Le Magritte du « Meilleur espoir masculin » est quant à lui attribué à Soufiane Chilah pour son rôle dans « Dode Hoek » de Nabil Ben Yadir. Il y interprète Dries, le bras droit de Jan Verbeck, incarné par Peter Van den Begin, un commissaire de la brigade des stups à Anvers qui s’apprête à rejoindre les rangs d’un parti d’extrême droite. Tout en étant un moment de divertissement, le film propose aussi une réflexion sur les discours populistes et de haine. Un sujet qui rejoint le film « Chez Nous » de Lucas Belvaux. 

« Paris pieds nus » a reçu le Magritte du « Meilleur montage » (Sandrine Deegen). Dominique Abel et Fiona Gordon signent un film tendre doté d’un humour décalé et poétique.

« Le lion et le singe » de Benoît Féroumont a été récompensé par le Magritte du « Meilleur court métrage d’animation », tandis que celui du « Meilleur court métrage de fiction » a été attribué à « Avec Thelma » de Raphaël Balboni et Ann Sirot.

C’est « Burning out » de Jérôme le Maire qui a reçu le Magritte du « Meilleur documentaire ». Pendant deux ans, le réalisateur a suivi les membres de l’unité chirurgicale d’un des plus grands hôpitaux de Paris. Il se focalise sur les employés et les montre comme des victimes de l’obligation et de la rentabilité des hôpitaux. Le burn-out est ici la conséquence d’une société qui ne pense plus qu’à l’argent et non à l’humain.

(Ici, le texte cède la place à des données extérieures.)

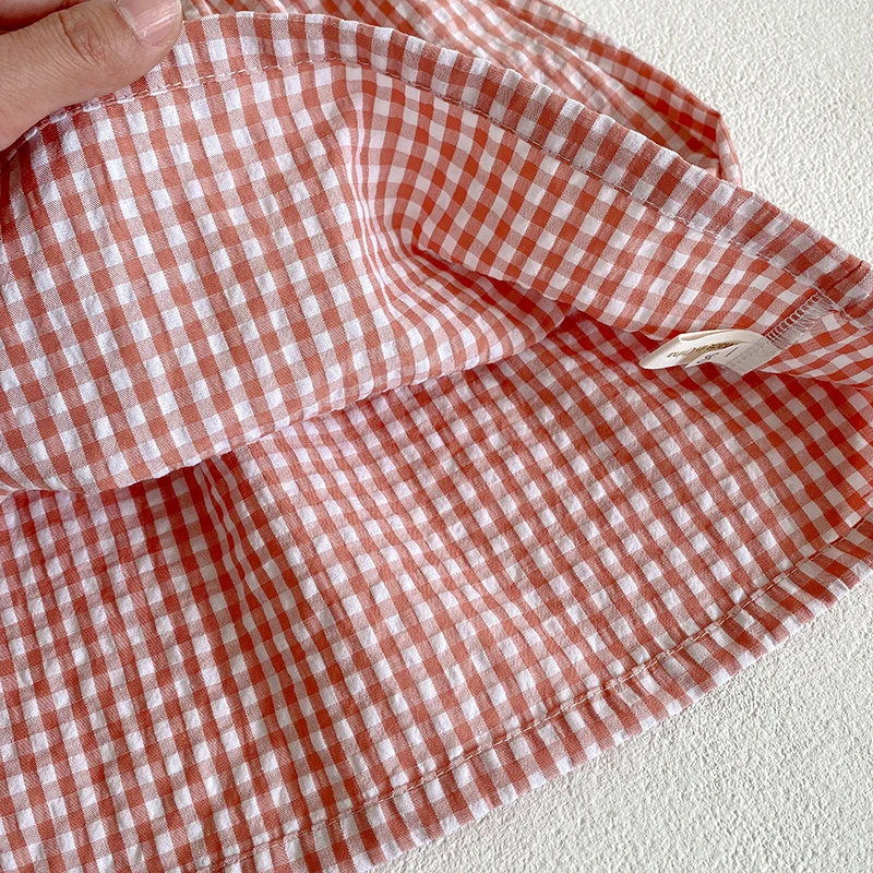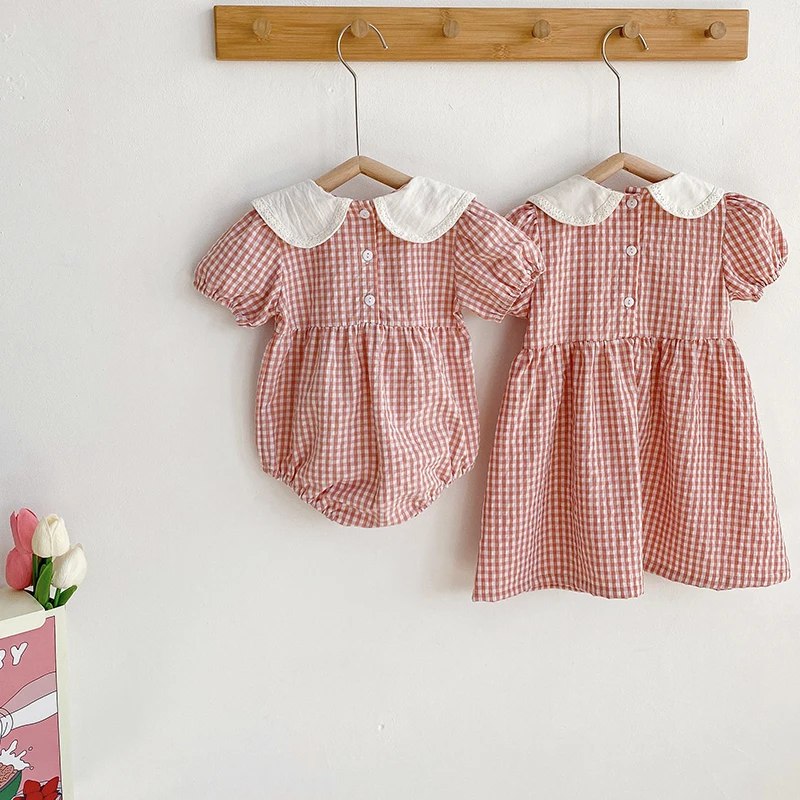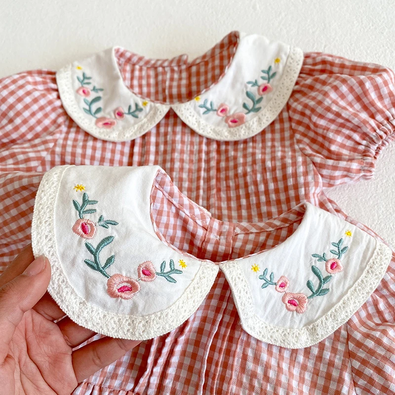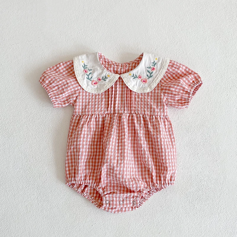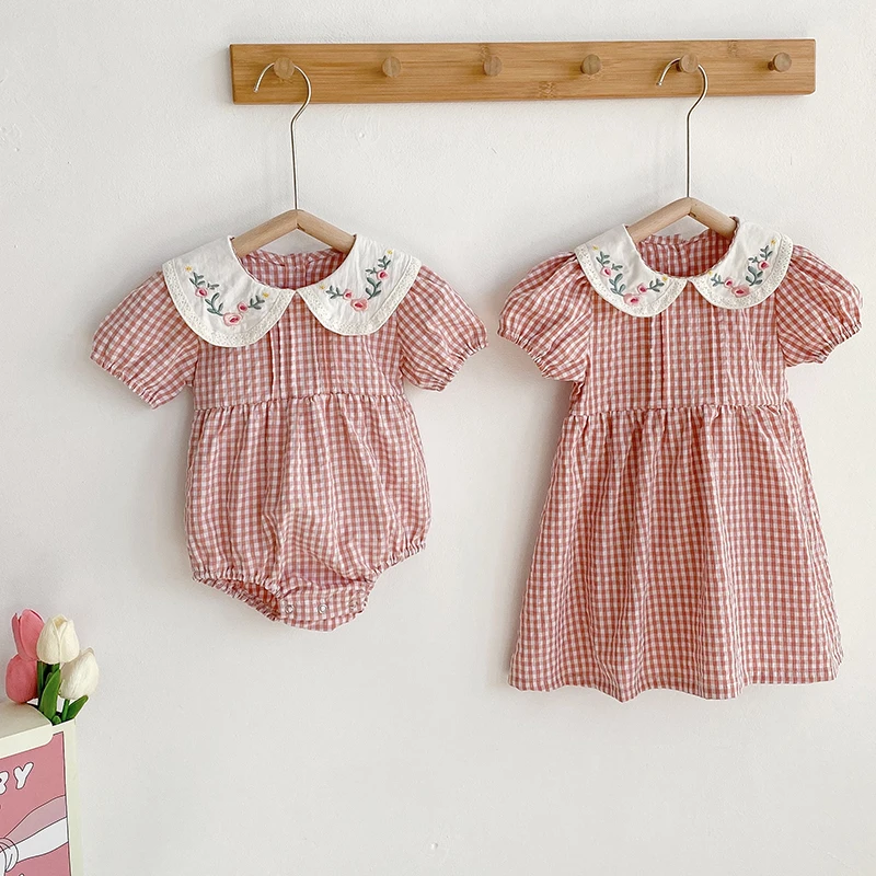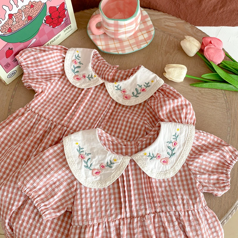 Toddler Baby Girls Grid Embroidery Dresses Summer Girl Baby Romper Infant Children Cotton Short Sleeve One-piece Romper

Cette année, le Magritte d’honneur a été attribué par Hugues Dayez à la comédienne et réalisatrice française Sandrine Bonnaire. Découverte à 15 ans dans le film de Maurice Pialat, « À nos amours », pour lequel elle avait reçu un César du Meilleur espoir, elle a joué pour les plus grands tels que Jacques Rivette, Claude Chabrol, Raymond Depardon, ou encore Agnès Varda. Durant les années 2000, elle se lance dans la réalisation avec un documentaire intitulé « Elle s’appelle Sabine ». Deuxième femme à recevoir ce prix, après Nathalie Baye, elle succède notamment à André Dussolier, Vincent Lindon, Pierre Richard, Emir Kusturica, Costa-Gavras et André Delvaux.